I am not even attempting to capture everything that has happened and everything that I have learned in those six moths. For most of the things I am probably not even aware of them yet myself. But one big thing I can begin to talk about: I live here now.
This might sound like something very obvious since I moved here, singed a rental contract, registered with the municipality, opened a bank account and am enrolled at the university … here. But on a less technical and more emotional level it is by no means this easy. It is not even really true to say „I live here now.“, at least not everyday. There are days when I want to leave. Days when I miss my old city and everything that is still there. Days when I want to go somewhere else completely. But there are more and more days when I feel like I actually live here. There was no distinct event which caused this feeling. It is a process. And it is definitely not finished, if it ever will be. However, in the past few weeks I noticed an accumulation of small things that make me say „I live here now.“.
Two weeks ago, one of my best friends came to visit me. I went to pick her up at the train station, showed her around the city and eventually, after three lovely days, brought her back to the train station and I stayed here. Already when I was on my way to pick her up, I had a special feeling. Living here felt really real. She was visiting me and even though she is clearly still a very important part of my life, there are many more things now that are also part of my life but not at all of her’s. That was new. When showing her the places I like and where I get delicious, cheap food I once again realized that I actually have lived here for quite some time even though it sometimes feels like only a couple of weeks ago that I came here. On my way back from the train station it again really hit me that I did not go with her because I live here now – and it felt nice.
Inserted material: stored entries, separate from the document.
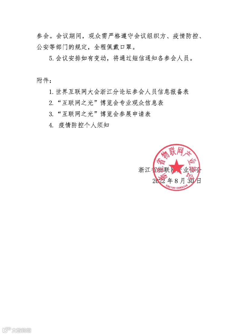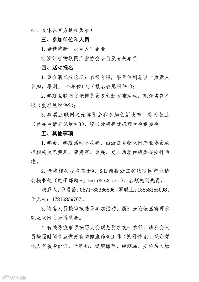 注:浙江省物联网产业协会统一组织的参观时间另行通知,最终名单以组委会审核为准。浙江省物联网产业协会邮箱:zj_zaii@163.com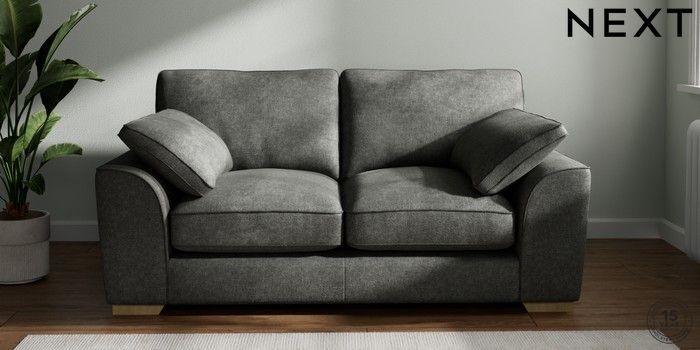 7.2.10 Buy Stamford Grand Relaxed Sit 2 Seater Sofa Plush Chenille Dark Grey Large Square Angle - Light from the Next UK online shop Click here to use our accessible website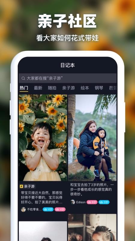 1、亲子游:海量亲子游活动推荐,点击参与活动与自己的孩子互动;

There are more, maybe really small things that I have noticed. I am not as dependent on google maps anymore. I know the opening hours of the grocery stores that are close by. My social network is growing. I am doing normal free time things on my weekends. I am having more and more things in my life that are not university-related. And I am being annoyed by some things here. In short: life is feeling pretty normal and that’s a good thing.
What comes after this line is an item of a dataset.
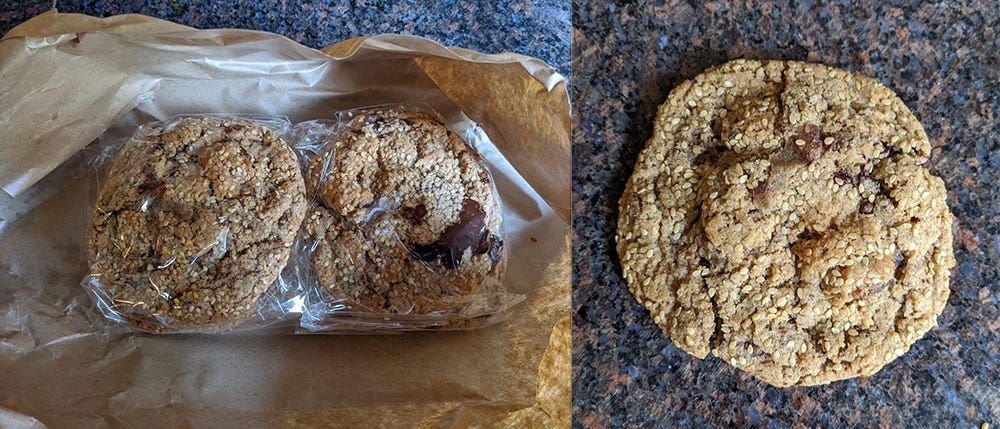 Not the kind the EU has outlawed giving without consent, this is an honest-to-god cookie subscription over the internet. Every month, $20 is taken out of my Paypal and at some unknown date I receive 6-8 cookies of a new flavor and variety sent via USPS (as if you needed another reason to support them). Gaia Valdemarsdottir uses very unique ingredients, and sometimes I like them and sometimes I don’t. Either way, it’s always a surprise and an adventure. This month featured Anson Mills whole wheat, caraway, Tony’s Chocolonely 70% chocolate, toasted sesame sourdough baguette pieces and benne seeds. If you’re looking for some variety, definitely click that link and get you some cookies.

To be honest, there are still days on which I am struggling. I did not think I would miss so many things. And I did not think it would take me six months to (begin to) feel like I live here now. But that’s how it is. Distance creates a new perspective and adopting to changes takes time. It is sometimes difficult and exhausting but it is also a way to grow, to get to know yourself and an opportunity for so many great things.
I am thankful for the ways my life has led me so far and I am excited about what is yet to come. And hey… I live here now.